Sans en demander davantage, montrant ainsi que le chemin lui était connu, elle se précipita dans la chambre.

« La jeune femme aux cheveux gris, murmura Lupin, l’amie et l’ennemie de Daubrecq ; c’est bien ce que je pensais. »

Il s’approcha de la fenêtre et souleva le rideau. Deux hommes arpentaient le trottoir, en face : Grognard et Le Ballu.

« Et ils ne se cachent même pas, ajouta-t-il. C’est bon signe. Ils considèrent qu’il faut obéir au patron. Reste la jolie dame aux cheveux gris. Ce sera plus difficile. À nous deux, la maman ! »

Il trouva la mère et le fils enlacés, et la mère tout inquiète, les yeux mouillés de larmes, qui disait :

– Tu n’as pas de mal ? Tu es sûr ? Oh ! Comme tu as dû avoir peur, mon petit Jacques !

– Un rude petit bonhomme, déclara Lupin.

Elle ne répondit pas, elle palpait le jersey de l’enfant comme Lupin l’avait fait, sans doute pour voir s’il avait réussi dans sa mission nocturne, et elle l’interrogea tout bas.

– Non, maman… je t’assure que non, dit l’enfant.

Elle l’embrassa doucement et le câlina contre elle, si bien que l’enfant, exténué de fatigue et d’émotion, ne tarda pas à s’endormir. Elle demeura longtemps encore penchée sur lui. Elle-même semblait très lasse et désireuse de repos.

Lupin ne troubla pas sa méditation. Il la regardait anxieusement avec une attention dont elle ne pouvait pas s’apercevoir, et il nota le cerne plus large de ses paupières et la marque plus précise de ses rides. Pourtant il la trouva plus belle qu’il ne la croyait, de cette beauté émouvante que donne l’habitude de souffrir à certaines figures plus humaines, plus sensibles que d’autres.

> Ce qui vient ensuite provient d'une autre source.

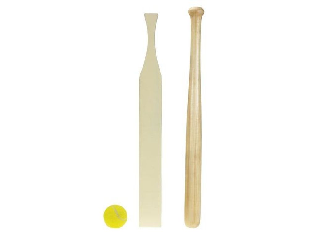 Beskrivning av Brännbollset Brännbollset i hög kvalié av trä. Inkluderar runt och platt slagträ samt tennisboll. Längd runt 60 cm. Längd platt 50 cm. - Tillverkade i Sverige

Elle eut une expression si triste, que, dans un élan de sympathie instinctive, il s’approcha d’elle et lui dit :

– J’ignore quels sont vos projets, mais, quels qu’ils soient, vous avez besoin de secours. Seule, vous ne pouvez pas réussir.

– Je ne suis pas seule.

– Ces deux hommes qui sont là ? Je les connais. Ils ne comptent pas. Je vous en supplie, usez de moi. Vous vous rappelez l’autre soir, au théâtre, dans la baignoire ? Vous étiez sur le point de parler. Aujourd’hui, n’hésitez pas.

Elle tourna les yeux vers lui, l’observa, et, comme si elle n’eût pu se soustraire à cette volonté adverse, elle articula :

– Que savez-vous au juste ? Que savez-vous de moi ?

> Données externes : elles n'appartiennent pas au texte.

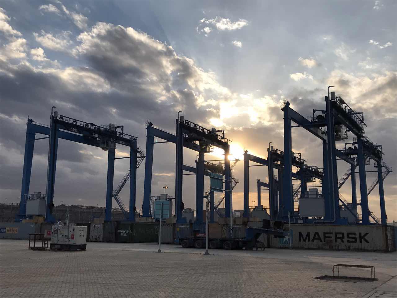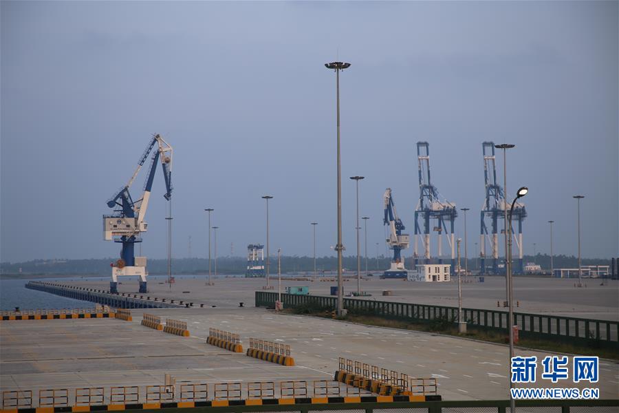 已经基本竣工的汉班托塔港二期,一台台门机、暗桥等大型设备仰望天空般矗立在码头上。(图片来源:新华社 朱瑞卿摄)
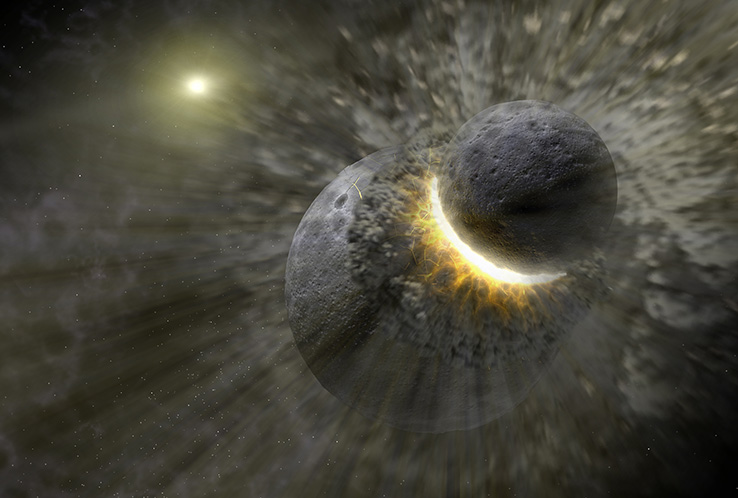 Questa rappresentazione artistica ci aiuta ad immaginare come potrebbe avvenire la collisione fra due grossi corpi celesti. Si ritiene che nelle prime fasi evolutive del Sistema Solare questi scontri fossero molto frequenti.

– J’ignore bien des choses. J’ignore votre nom : mais je sais…

Elle l’interrompit d’un geste et, avec une décision brusque, dominant à son tour celui qui l’obligeait à parler :

– Inutile, s’écria-t-elle, ce que vous pouvez savoir, après tout, est peu de chose, et n’a aucune importance. Mais quels sont vos projets, à vous ? Vous m’offrez votre concours… en vue de quoi ? Si vous vous êtes jeté à corps perdu dans cette affaire, si je n’ai rien pu entreprendre sans vous rencontrer sur mon chemin, c’est que vous voulez atteindre un but… Lequel ?

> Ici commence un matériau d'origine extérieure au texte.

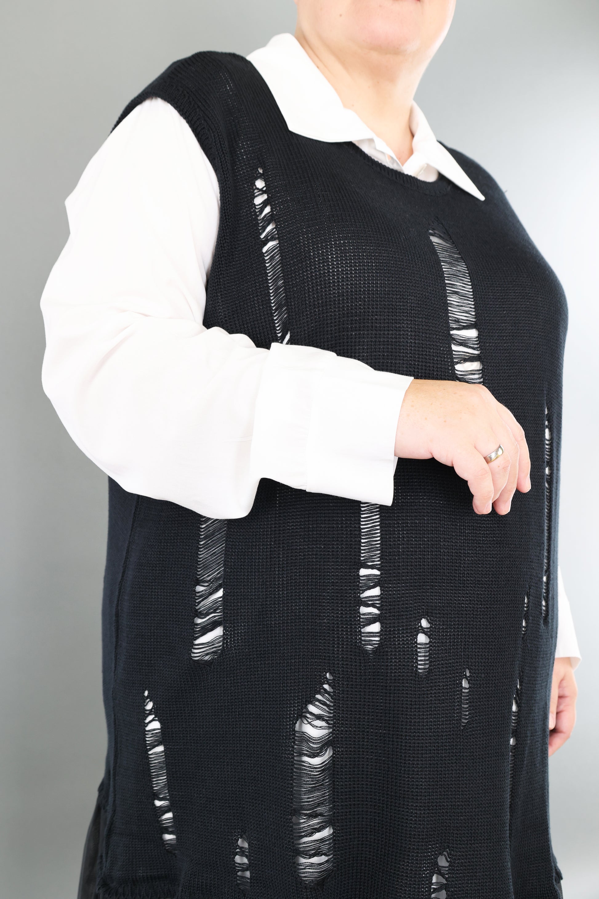 Size: One size fits all, wearable up to size 50. Total length: 118 cm. Half bust: 69 cm. Sleeve length: Sleeveless.

– Lequel ? Mon Dieu, il me semble que ma conduite…

– Non, fit-elle énergiquement, pas de mots. Il faut entre nous des certitudes, et, pour y arriver, une franchise absolue. Je vais vous donner l’exemple. M. Daubrecq possède un objet d’une valeur inouïe, non par lui-même, mais par ce qu’il représente. Cet objet, vous le connaissez. Deux fois, vous l’avez eu en mains. Deux fois je vous l’ai repris. Eh bien, je suis en droit de croire que si vous avez voulu vous l’approprier, c’est pour user du pouvoir que vous lui attribuez, et pour en user à votre bénéfice…

– Comment cela ?

– Oui, pour en user selon vos desseins, dans l’intérêt de vos affaires personnelles, conformément à vos habitudes de…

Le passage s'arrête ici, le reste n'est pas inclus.